Are you one of those Kaggle ninjas who has aced machine learning competitions but are struggling to get noticed by recruiters? Data scientist by day and Kaggler by night is not a new phenomenon. You will find scores of ML enthusiasts who have aced the Titantic competition (one of Kaggle’s easiest) and also survived the Digit Recognizer or First Steps with Julia. But there’s a major downside to Kaggle, that many data science professionals have stressed upon.
We list down several missing pieces in Kaggle that undermine your machine learning understanding:
- Understanding business problem: In a Kaggle competition you don’t spend time to understand how a model will fit into the business problem and how accurate could it be.
- Types of problem: Among the vast selection of business problems that a data scientist faces in real-life, Kaggle only highlights a subset of it, shared Ria Chakraborty, a data scientist at IBM on Quora.
- Convincing C-level executives about your analysis: Kaggle competitions often overlook another challenging part: convincing C-level executives to follow through the solution with a data backed strong analysis.
- Working on clean dataset: The real difference between Kaggle and real-world data science is that you’ll likely never be handed a pre-determined and cleaned dataset. Data wrangling forms a huge part of the data science business — mean joining datasets, cleaning up missing values and transforming data.
- Putting models in production: You never put Kaggle models in production which is the real test of its performance.
While Kaggle is a great source of competitions and forums for ML hackathons, and helps get one started on practical machine learning, it’s also good to get a solid theoretical background. Here’s what we think: Kaggle is a great place to get started on machine learning, but at the same time one must also improve their theoretical background to fill any gap in machine learning.

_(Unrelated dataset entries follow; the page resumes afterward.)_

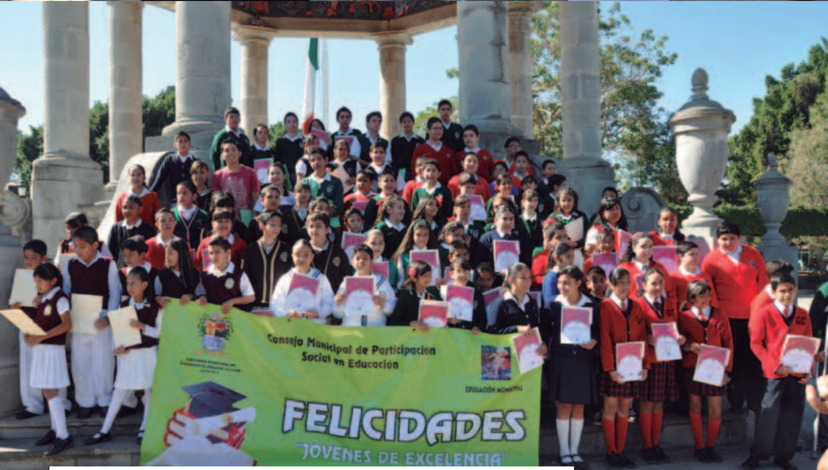
Premiación a Jóvenes de Excelencia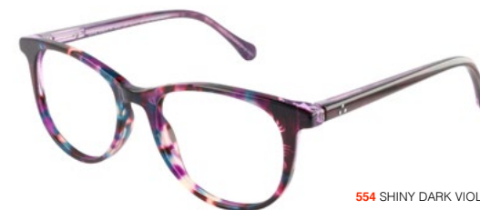
554 SHINY DARK VIOLET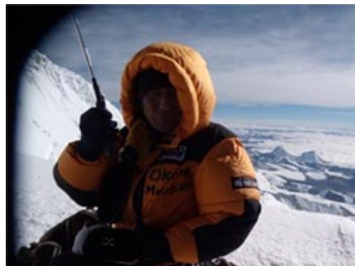
エヴェレスト（8848m）南峰にて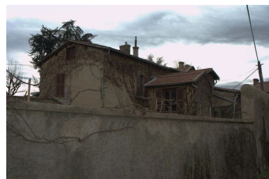
Vue de la maison à l'ouest de la parcelle, depuis le nord-est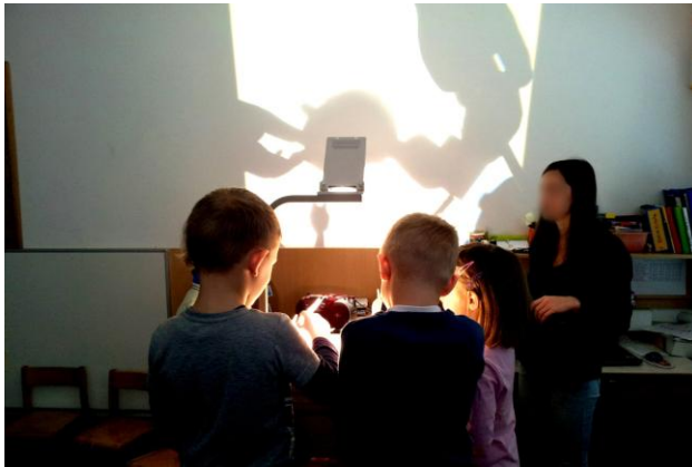
Slika 39: Prosta igra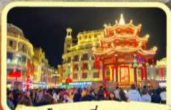
• ถนนโบราณเสี่ยวกงหยวน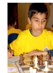
Βαθμολογία μετά τον 6ο γύρο B' group : 1.Στειακάκης 5,5 β. 2-5) Ηλιάκης, Τσαπάκης, Αγγελιάκης, Γιαλιτάκης 5 β.

Now first up, let’s define a Kaggler proficient in ML – a) you have more than a basic knowledge of machine learning; b) You know how to use machine learning libraries/packages in R, Python, Java etc.

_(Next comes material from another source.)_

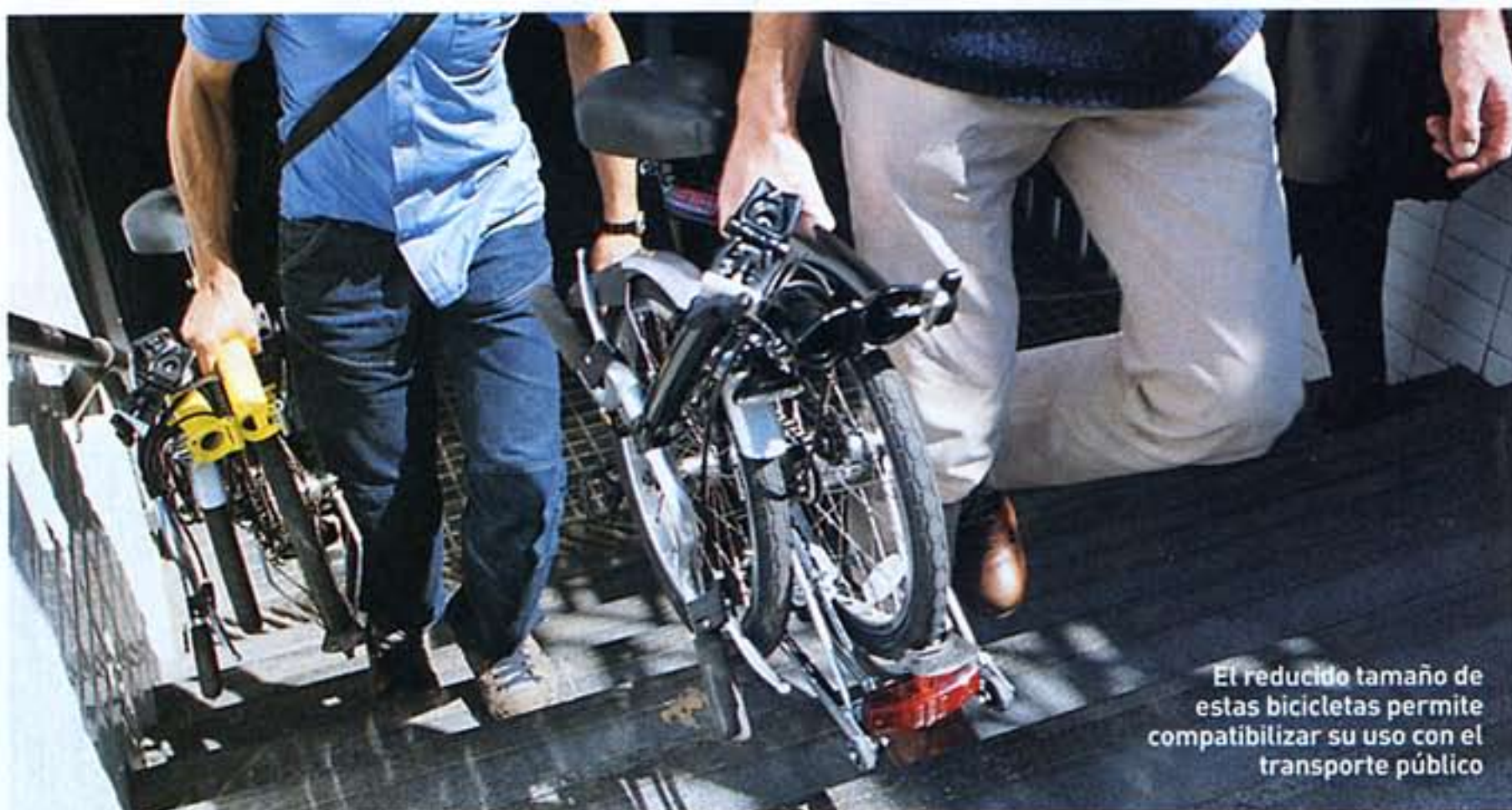
El reducido tamaño de estas bicicletas permite compatibilizar su uso con el transporte público

El cambio de marchas de estas bicis es especial, con un solo plato y un único piñón. El cambio de marchas incorporado (la cadena no rueda en-

AIM gives a lowdown on how one can make the most of your Kaggle machine learning experience
Build a theoretical foundation: Data science practitioners believe machine learning is a life-long commitment and most MOOCs don’t cover all the algorithms. One should go deep to fill the gaps in learning.

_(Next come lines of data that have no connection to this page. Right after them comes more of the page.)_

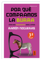
POR QUÉ COMPRAMOS LA BURRA NOGUERAS PÉREZ, RAMÓN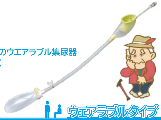
ウェアラブルタイプ AS-URI S/M/L

トイレが心配な方のためのウェアラブル集尿器 装着しても目だたにくく 安心して外出できます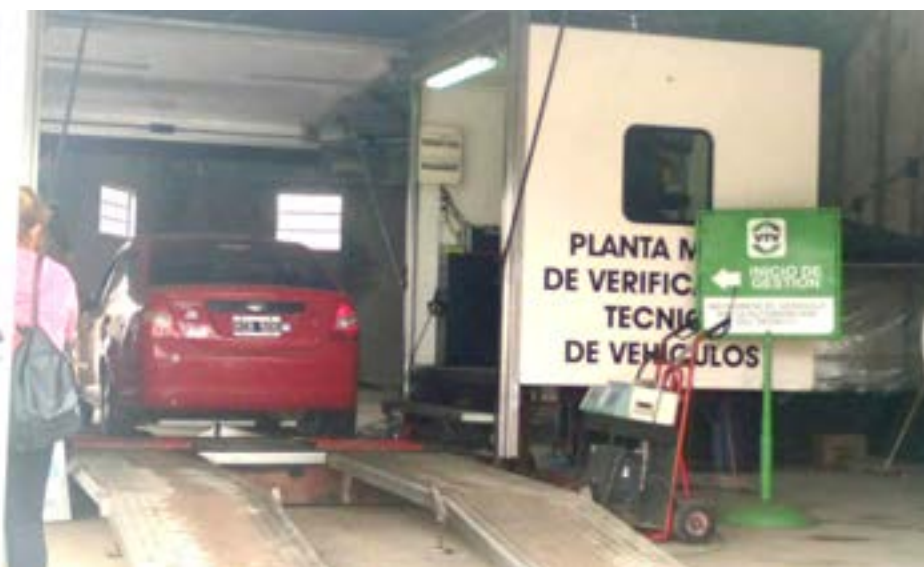
La planta móvil de la VTV que se encuentra en nuestra ciudad continúa atendiendo a todas las personas que sacan sus turnos online.

De acuerdo al protocolo, cada persona debe permanecer en el auto

Microsoft Azure Machine Learning: If you don’t want to sign up for a MS, then you can try free resources on Azure ML studio. You can even try out solutions from Cortana Intelligence Gallery. You can even try pushing your models into production in Azure ML.
Build a machine learning portfolio: Kaggle competitions are often panned for presenting clean datasets. In fact, data wrangling is the missing piece in the puzzle, whereas in a business setting, data wrangling forms a huge part of data science — joining datasets, cleaning up missing values, transforming data/creating new features. By creating a semi-formal work product for each project to share what was done, how it was done and what was learned (use github README files on each repo, write blog post, create PDF tech reports, power points, whatever).
Here are a few project ideas: a project where you had to collect the data yourself, e.g. scraping products reviews from a website or a project where you dealt with missing or messy data, e.g. cases where some people provided their location and some didn’t.
Building a machine learning portfolio will go a long way in establishing how you can complete projects. It will also equip with the confidence to take on more interesting projects as you apply your ML learning and show your skills and capabilities to recruiters once you start looking for a job.
Prioritize your learning based on the application: Since machine learning is a broad field, it will be better to select a specific area of study and a Masters can help in landing a job interview as well. If you are geared towards a Post doctorate which is also a good idea, there are a few application areas you can focus on. From Natural Language Processing to Computer Vision (think setting up GPU instances in AWS) and Deep Reinforcement Learning, there are several areas of application in ML for research.
Move up the ladder with Neural Networks for ML: Want to become more technically strong, deepen your Neural Network knowledge with a course or free resources that talks about artificial neural networks and how they’re being used for machine learning, in areas such as speech recognition, image segmentation and object recognition.
Kick-start your career in machine learning: Now that you have mastered some of the basics of ML, and have become a well-rounded machine learning expert, you would want to make it a full-time job. If you are proficient at ML, you would probably land a job as a data scientist and progressively move into doing more ML.